LinuxQuestions.org

LinuxQuestions.org (/questions/)
-   Linux - Newbie (http://www.linuxquestions.org/questions/linux-newbie-8/)
-   -   sed: remove newline except when it's a blank line (http://www.linuxquestions.org/questions/linux-newbie-8/sed-remove-newline-except-when-it%27s-a-blank-line-928277/)

muzzol 02-08-2012 07:17 AM

sed: remove newline except when it's a blank line
 
hi,

i have a text like this:

Code:

on
two
three

four
five

six
seven
eight

i want to remove newline (\n) except when the line is blank (^$). i've tried several examples without any luck.
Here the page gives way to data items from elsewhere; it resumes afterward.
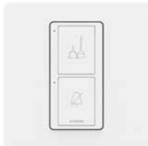
Nettoyer la Chambre / Ne Pas Déranger*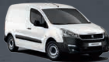
Белый неметаллик «BLANC BANQUISE»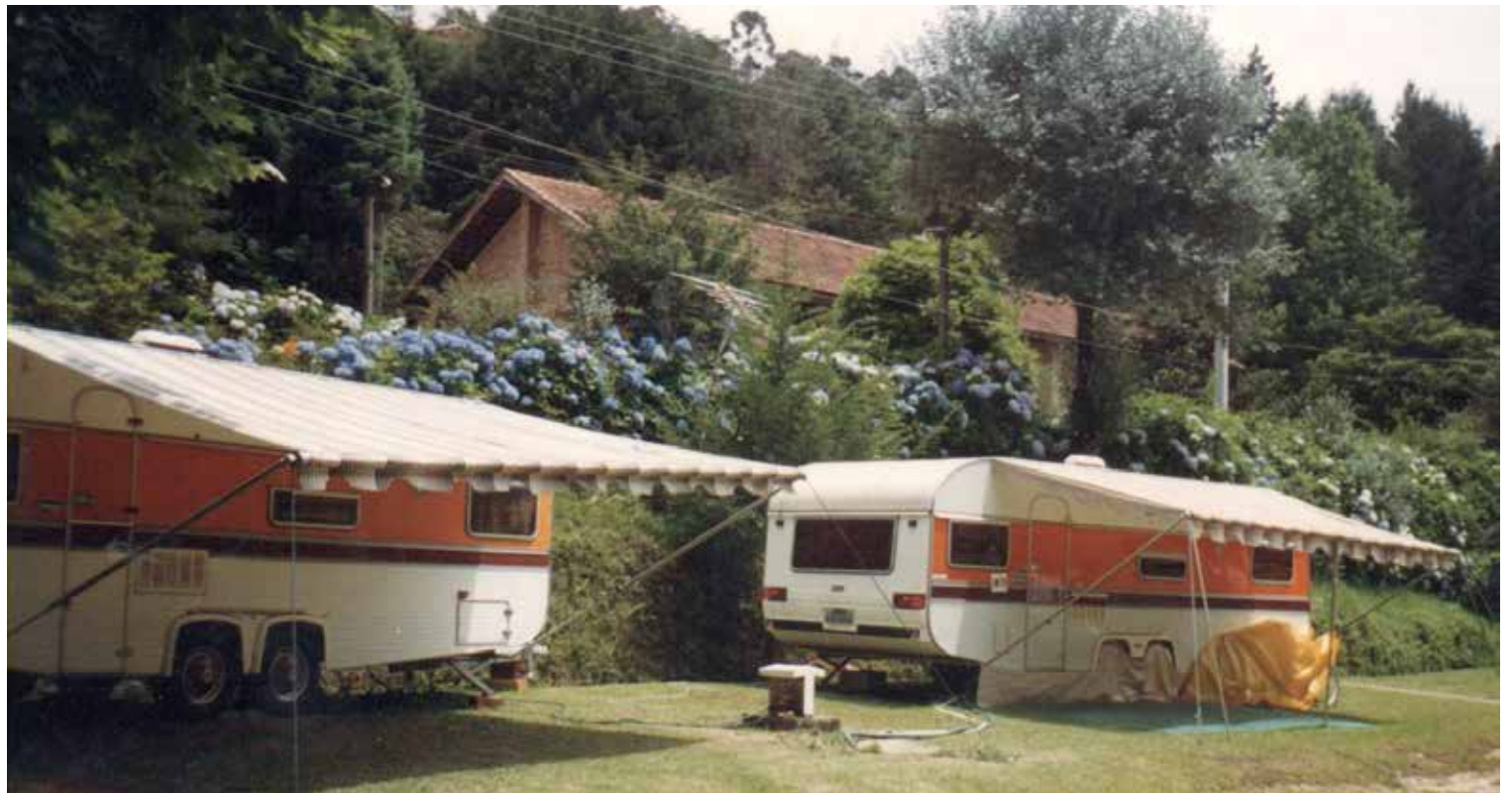
► Além das atrações culturais e gastronômicas na cidade, o camping de Campos do Jordão está próximo de vários programas de natureza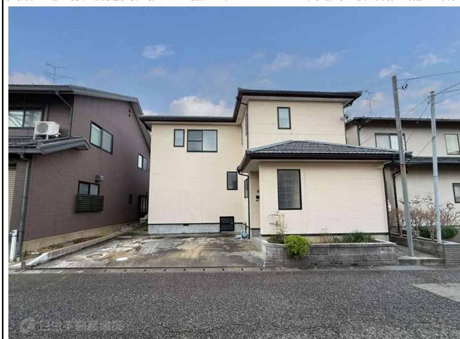
※物件資料と現況と異なる場合がありますが、その場合現況を優先致します。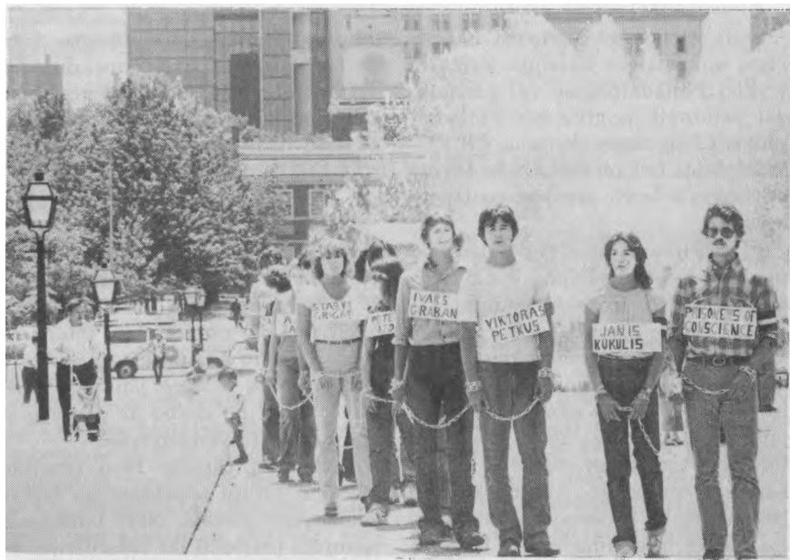
Susirakin Philadelphijos LJS-gos nariai pavaizduoja balt politinius kalinius soviet kal jimuose ir koncentracijos stovyklose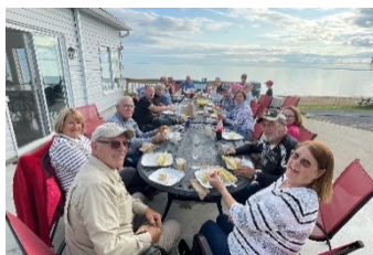
Une tablée remarquable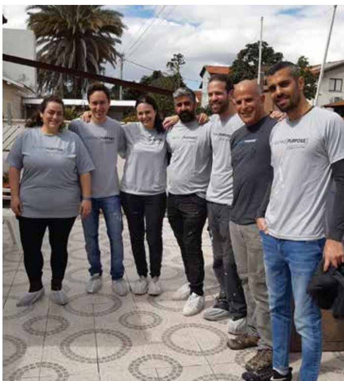
עובדי אפלייד מטיריאלס

תודה לכל המתנדבים המסורים מאפלייד מטיריאלס, שבתשוקה ובחדוות יצירה מגיעים לשיפוץ הבתים ומשפיעים באופן ישיר על שיפור ברווחתם של ניצולי השואה.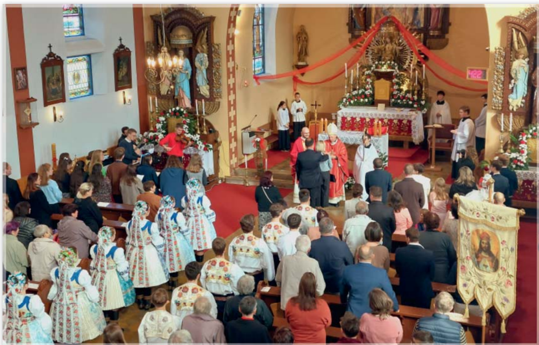
Udílání svátosti biřmování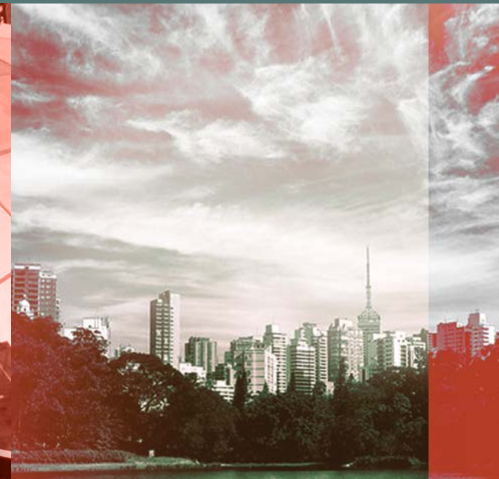
FOTO DO PQ. IBIRAPUERA

Para facilitar, o Shopping Ibirapuera a poucos passos e toda a conveniência da região, com bares, restaurantes e comércio. Para respirar, o Parque Ibirapuera, com todo o verde em seu caminho.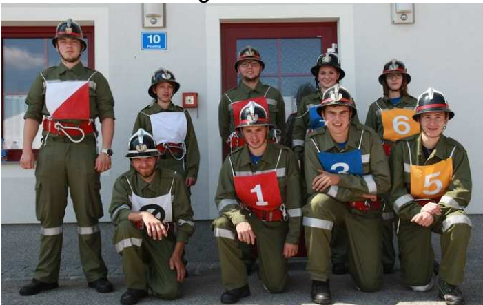
AFLB in Pürstling am 25.06.2016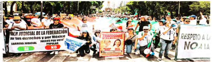
Con el despliegue de la Bandera Nacional, opositores a la reforma judicial marcharon hacia el Senado.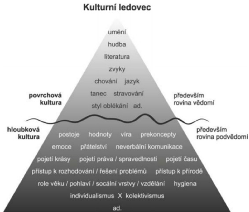
Obrázek I: Kulturní ledovec [Kostková 2012: 15]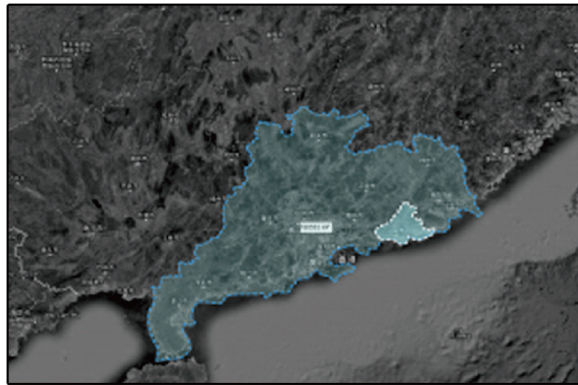
汕尾市在广东省的位置

David the H. 02-08-2012 09:34 AM

What exactly have you tried so far?

Anyway, there may be better solutions, but I got it to work this way. You use "N" to append the next line to the one in the buffer, then replace the newline between them with a space, but only if it appears between actual blocks of text. The whole thing is nested in a "t" loop in order to run the process as many times as needed.

Code:

sed -r ':a; N ;s/(.+)\n(.+)/\1 \2/; ta' file
Here are a few useful sed references.
http://www.grymoire.com/Unix/Sed.html
http://sed.sourceforge.net/grabbag/
http://sed.sourceforge.net/sedfaq.html
http://sed.sourceforge.net/sed1line.txt

muzzol 02-08-2012 10:41 AM

i was trying something like "if line is blank, do nothine, else remove newlines":

Code:

sed '/^$/! s/\n//g'

colucix 02-08-2012 10:49 AM

Quote:

Originally Posted by muzzol (Post 4597092)
i was trying something like "if line is blank, do nothine, else remove newlines":

The newline is not inserted in the pattern space, unless you put multiple lines together with the N command, as David the H. demonstrated above.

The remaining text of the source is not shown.